- Outfielder
- Born: November 1, 1945 Los Angeles, California, U.S.
- Died: October 11, 1994 (aged 48) Harbor City, California, U.S.
- Batted: RightThrew: Right

MLB debut
- September 1, 1969, for the Oakland Athletics

Last MLB appearance
- June 5, 1973, for the California Angels

MLB statistics (through Career)
- Batting average: .231
- Home runs: 5
- Hits: 33
- Runs: 19
- RBI: 20
- Stats at Baseball Reference

Teams
- Oakland Athletics (1969–1970, 1972); California Angels (1973);

= Bobby Brooks (baseball) =

American baseball player (1945–1994)

Robert Brooks (November 1, 1945 – October 11, 1994) was an American professional baseball player. He appeared in 55 games in Major League Baseball over parts of four seasons for the Oakland Athletics (– and ) and California Angels. An outfielder and native of Los Angeles, he threw and batted right-handed and was listed as 5 ft 8 in tall and 165 lb.

== Career ==
Brooks entered pro baseball in 1965 when he was chosen by the Athletics (then in Kansas City) out of Los Angeles Harbor College in the 15th round of the first-ever MLB June amateur draft.

He earned his first big-league call-up in September 1969 after an All-Star season in the Double-A Southern League, when he led the circuit in runs scored (102) and home runs (23), and tied for the league RBI title (100).

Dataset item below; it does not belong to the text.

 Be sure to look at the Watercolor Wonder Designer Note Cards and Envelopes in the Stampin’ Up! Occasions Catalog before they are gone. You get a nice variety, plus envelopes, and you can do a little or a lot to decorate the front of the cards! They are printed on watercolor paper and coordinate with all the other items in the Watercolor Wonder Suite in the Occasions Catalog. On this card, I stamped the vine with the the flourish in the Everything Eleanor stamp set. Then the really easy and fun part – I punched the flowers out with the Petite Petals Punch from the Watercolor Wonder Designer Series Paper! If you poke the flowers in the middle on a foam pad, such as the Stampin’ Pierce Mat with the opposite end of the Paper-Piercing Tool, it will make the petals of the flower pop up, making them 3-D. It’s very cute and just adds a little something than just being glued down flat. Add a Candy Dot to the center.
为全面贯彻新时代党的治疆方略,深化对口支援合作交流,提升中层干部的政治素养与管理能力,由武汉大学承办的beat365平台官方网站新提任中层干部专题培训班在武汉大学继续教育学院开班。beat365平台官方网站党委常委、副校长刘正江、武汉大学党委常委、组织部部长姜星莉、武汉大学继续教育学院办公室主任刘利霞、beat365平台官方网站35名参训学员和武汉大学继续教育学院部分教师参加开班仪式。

Brooks appeared in 29 late-season games for Oakland in 1969, starting 21 as a corner outfielder, smashed three homers and drove in ten runs, batting .241. However, that would be his most extensive big-league trial: over the next four years, he appeared in only 26 total MLB games, and spent all of 1971 and the bulk of the other three seasons in Triple-A. He finished his professional career in 1975 after two years in the Mexican League.

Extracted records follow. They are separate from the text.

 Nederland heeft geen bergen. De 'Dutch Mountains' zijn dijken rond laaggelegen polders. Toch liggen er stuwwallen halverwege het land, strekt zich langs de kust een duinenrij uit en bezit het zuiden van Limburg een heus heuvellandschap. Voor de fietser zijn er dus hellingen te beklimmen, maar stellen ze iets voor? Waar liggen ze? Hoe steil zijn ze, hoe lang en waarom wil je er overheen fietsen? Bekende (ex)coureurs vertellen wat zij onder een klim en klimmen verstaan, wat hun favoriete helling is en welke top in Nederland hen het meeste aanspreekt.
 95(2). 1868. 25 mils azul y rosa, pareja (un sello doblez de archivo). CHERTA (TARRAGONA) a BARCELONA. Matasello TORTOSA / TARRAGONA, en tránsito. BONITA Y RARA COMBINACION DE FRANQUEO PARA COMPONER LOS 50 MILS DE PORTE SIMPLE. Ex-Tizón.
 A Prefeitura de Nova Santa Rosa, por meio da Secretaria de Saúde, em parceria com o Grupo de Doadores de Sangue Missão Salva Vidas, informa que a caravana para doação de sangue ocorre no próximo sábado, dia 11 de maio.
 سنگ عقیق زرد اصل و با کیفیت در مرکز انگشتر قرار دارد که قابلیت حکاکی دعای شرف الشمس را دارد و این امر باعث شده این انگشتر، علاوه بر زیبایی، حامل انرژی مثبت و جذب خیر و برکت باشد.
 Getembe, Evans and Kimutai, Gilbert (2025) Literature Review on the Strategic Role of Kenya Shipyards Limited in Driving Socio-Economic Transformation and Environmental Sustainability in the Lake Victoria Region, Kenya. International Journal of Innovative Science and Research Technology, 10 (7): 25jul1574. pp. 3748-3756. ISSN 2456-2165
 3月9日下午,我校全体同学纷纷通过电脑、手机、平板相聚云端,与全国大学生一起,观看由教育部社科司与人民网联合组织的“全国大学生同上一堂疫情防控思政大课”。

Brooks collected 33 hits in his 55 major-league games, 11 of them for extra bases—six doubles and five homers—along with 20 runs batted in. He batted .231 lifetime.

In retirement, Brooks became an active youth baseball coach in his community, Harbor City, California; a baseball diamond there is named Bobby Brooks Field.

== Death ==
He died of complications from multiple sclerosis on October 11, 1994, at the age of 48. He was buried at Inglewood Park Cemetery.